For three years, I attended that junior high, and for three years, I was despised and taunted. I learned to hate school, and try to be as invisible as possible. I would tell teachers what was happening, but they didn’t do a thing about it. I grew to hate my teachers, because they saw what was happening, and did nothing. My grades plummeted and for two of the three years, I didn’t have a single friend.
It was three years of being beaten-down, mentally, emotionally, and even physically. Because of my disability, I couldn’t run to get away from those who bullied me, but their cruel words hurt far more than the times they beat me up or threw rocks at me.

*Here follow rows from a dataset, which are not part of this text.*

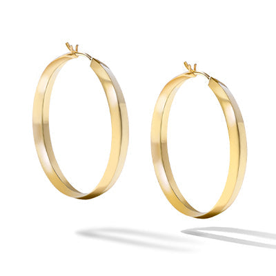 Designer Alice Cicolini's Major Defiant Hoop is a hoop that elevates the very idea of a hoop. With its striking silhouette and comfortable weight, it's a hoop with an edge. A hand-finished knife edge, to be exact.
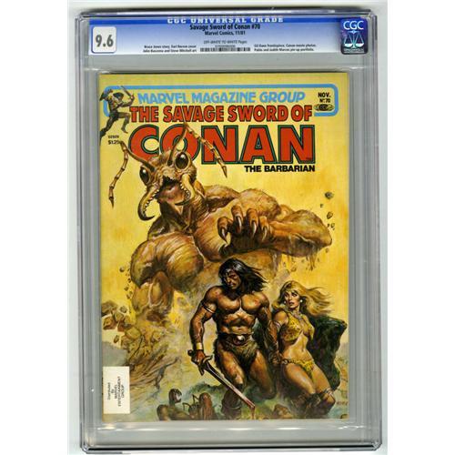<B>Savage Sword of Conan #70 (Marvel, 1981) CGC NM+ 9.6 Off-white to white pages.</B></I> Earl Norem cover. John Buscema, Gil Kane, and Pablo Marcos art. Overstreet 2006 NM- 9.2 value = $8. CGC census 2/07: 3 in 9.6, 2 higher.<BR><BR><b>Shipping:</b> Comics - Slabbed (certified) (<a target="_blank" href="http://www.heritageauctions.com/common/shipping.php">view shipping information</a>)
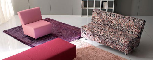 Scioni - O compozitie ce imbina perfect texturile uni cu patternurile florale intr-un ambient indraznet. Piesele colectiei Scioni au structura poliuretanica si tapiserie din material textil sau piele. 172 x 74 x 85 cm / canapea. Pret la cerere

If they didn’t like my personality, so be it. If they didn’t want to be my friend, that was their right. But to taunt me over my disability, something I had no control over and couldn’t possibly change, was beyond unfair. To physically hurt me because they knew I wasn’t able to run away or fight back was beyond cruel. To those who taunted me, and to those who stood by and watched it happen, and did nothing, I only hope that somehow they found a way to live with themselves.
Years later, I ran into one of my tormentors as I was walking down the street in my neighborhood. She hollered across the street “I’m sorry I was so mean to you in Junior High.” I stopped and stood there for a moment, and finally answered “What do you expect me to say? That it’s okay? Don’t worry about it?” And then, I walked on.
I guess I should have told her that I forgive her, but she caught me off-guard. At that exact moment in time, I wasn’t ready to forgive. At that time, I still didn’t realize that I hadn’t brought all of this on myself. Deep down, I still believed that if I had done something differently, if I had been “good enough,” they would have liked me, and that it was my fault, that I had done something to cause what happened to me.
This was a year after I finished high school, and I still blamed myself for my misfortune. Honestly, I wasn’t even convinced she was being sincere. It wasn’t like she had sought me out to apologize, she just happened to pass me on the street. There was no explanation for her actions, no sincere expression of remorse – just a casual comment, hollered across a street. She didn’t even cross the street to speak directly to me.
There is, and always will be, a part of me that wonders if I should have replied differently. I don’t think I was wrong, but I’m really not sure.